SUPPLIED RECORDS:
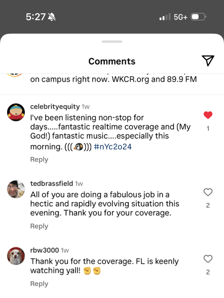 Not surprisingly, the Pulitzer Prize Board (located at Columbia) commented on the courageous WKCR team, noting they “worked to document a major national news event under difficult and dangerous circumstances and at risk of arrest.” These are heady times for these budding radio journalists, suddenly pressed into the lineup by circumstance, opportunity, and meeting the moment.
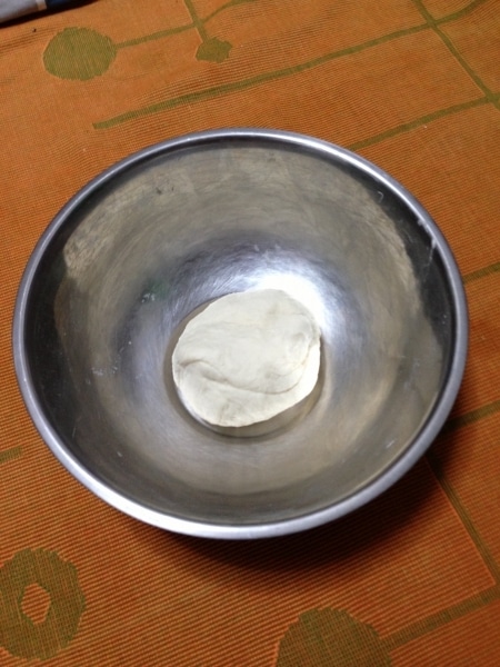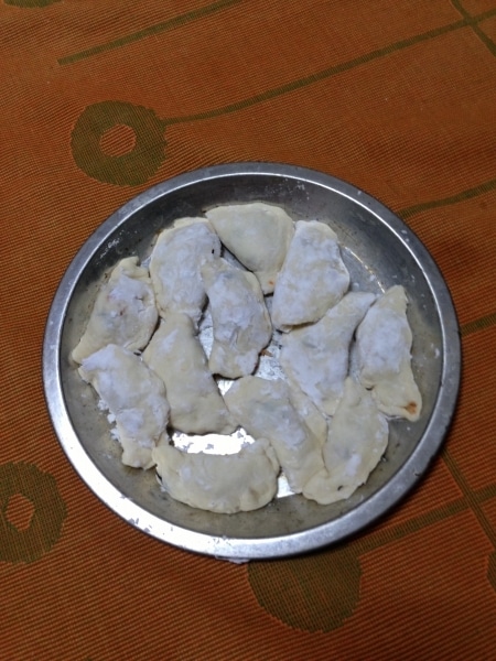 生地を12当分くらいに丸め、粉を打った台の上で綿棒などで、8センチくらいの円形に伸ばす。
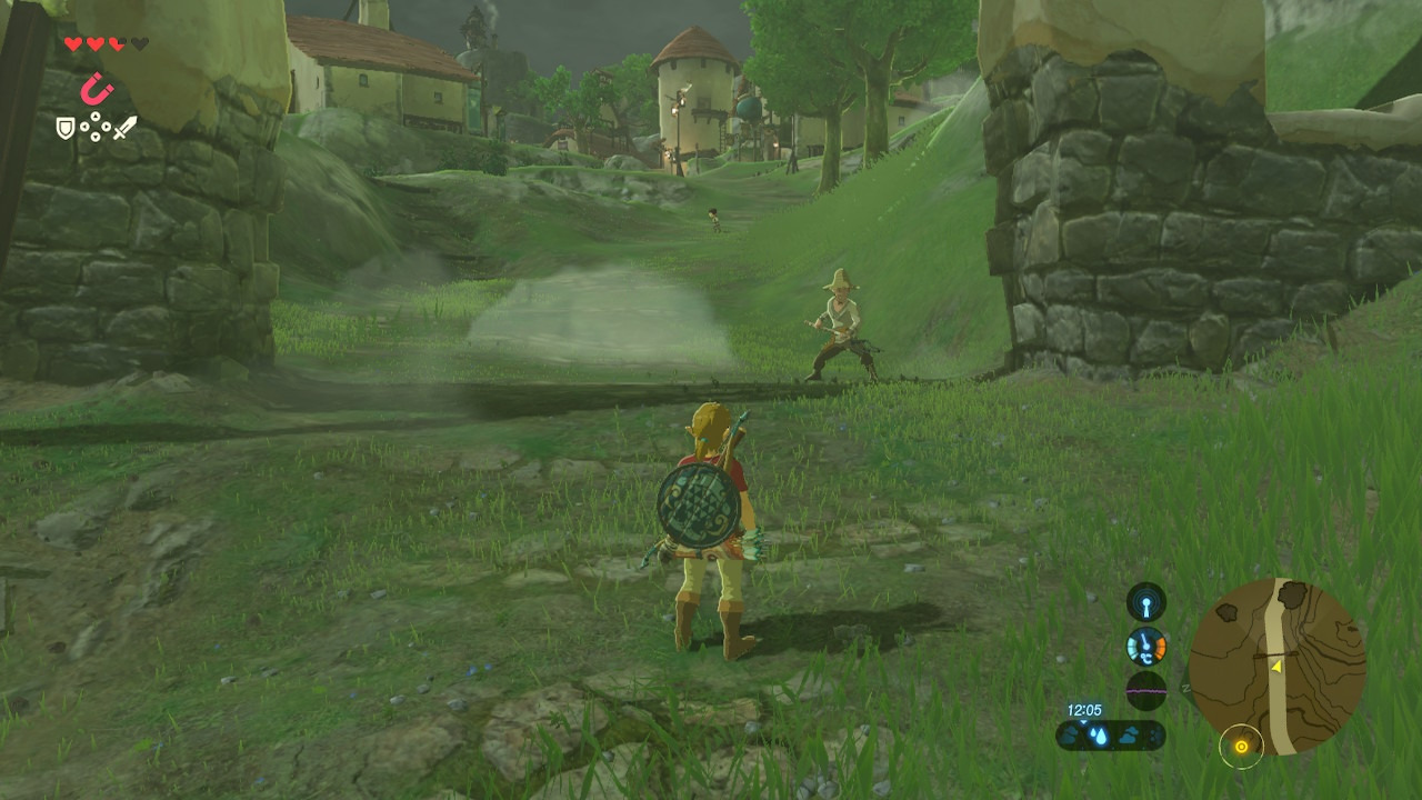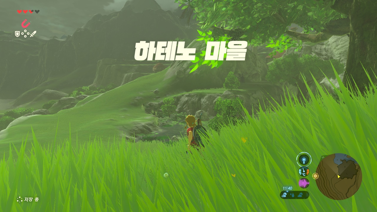 마을이 보이는 곳으로 패러세일을 펼쳐 하강한 후, 바닥에 착지하여 돌길을 부지런히 올랐다. 길 중간에 창을 들고 돌아다니는 블루 보코블린들이 보여서 그들을 피해 뛰었다. 수풀을 헤치고 올라 짧게 풀이 깎인 길로 들어서자, 시커 스톤에 '하테노 마을'이라는 메시지가 떴다.
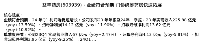 值得注意的是:2024年04月广发证券的罗佳荣/李桠桐分析师,首次发布关于益丰药房的研究报告,标题为:益丰药房(603939):业绩符合预期 门诊统筹药房快速拓展。
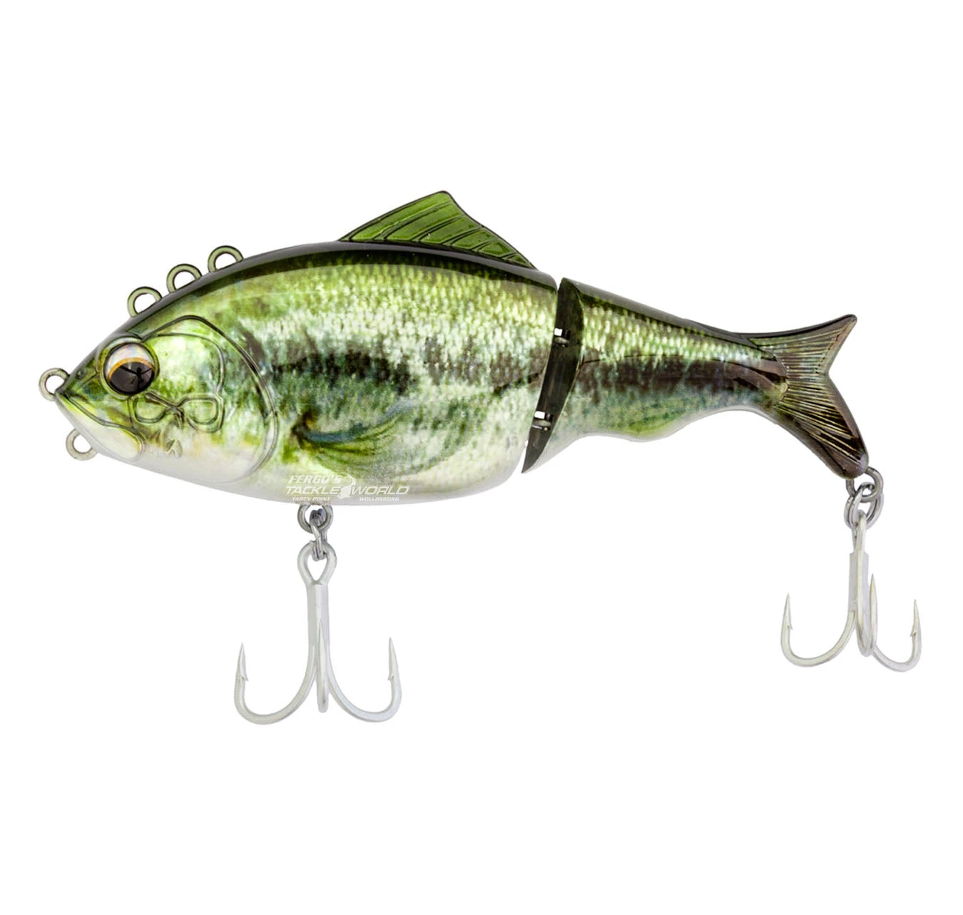 The Bone Focus 130 Lure is a jointed swimbait lure with 4 eyelets on it that create different actions and allow you to fish different depths, and they each have their unique swimming actions. The nose eyelet allows the lure to swim like a normal swimbait with a typical ‘S’ shaped retrieve. The next two eyelets also produce a swimbait action, but they allow you to work the lure in deeper waters. The fourth and highest eyelet turns the Bone Focus into a vibe-style lure rather than a swimbait. The eyelet below the chin is for attaching additional weight to increase the sink rate of the lure. The Bone Focus 130 Lures are equipped with high-quality BKK treble hooks in size #2 at the back and #1 in the middle.

WHAT YOU HAVE TO DO: Would you return the whole listing above exactly as written, skipping any image?

ANSWER SECTION:
 Not surprisingly, the Pulitzer Prize Board (located at Columbia) commented on the courageous WKCR team, noting they “worked to document a major national news event under difficult and dangerous circumstances and at risk of arrest.” These are heady times for these budding radio journalists, suddenly pressed into the lineup by circumstance, opportunity, and meeting the moment.
 生地を12当分くらいに丸め、粉を打った台の上で綿棒などで、8センチくらいの円形に伸ばす。
 마을이 보이는 곳으로 패러세일을 펼쳐 하강한 후, 바닥에 착지하여 돌길을 부지런히 올랐다. 길 중간에 창을 들고 돌아다니는 블루 보코블린들이 보여서 그들을 피해 뛰었다. 수풀을 헤치고 올라 짧게 풀이 깎인 길로 들어서자, 시커 스톤에 '하테노 마을'이라는 메시지가 떴다.
 值得注意的是:2024年04月广发证券的罗佳荣/李桠桐分析师,首次发布关于益丰药房的研究报告,标题为:益丰药房(603939):业绩符合预期 门诊统筹药房快速拓展。
 The Bone Focus 130 Lure is a jointed swimbait lure with 4 eyelets on it that create different actions and allow you to fish different depths, and they each have their unique swimming actions. The nose eyelet allows the lure to swim like a normal swimbait with a typical ‘S’ shaped retrieve. The next two eyelets also produce a swimbait action, but they allow you to work the lure in deeper waters. The fourth and highest eyelet turns the Bone Focus into a vibe-style lure rather than a swimbait. The eyelet below the chin is for attaching additional weight to increase the sink rate of the lure. The Bone Focus 130 Lures are equipped with high-quality BKK treble hooks in size #2 at the back and #1 in the middle.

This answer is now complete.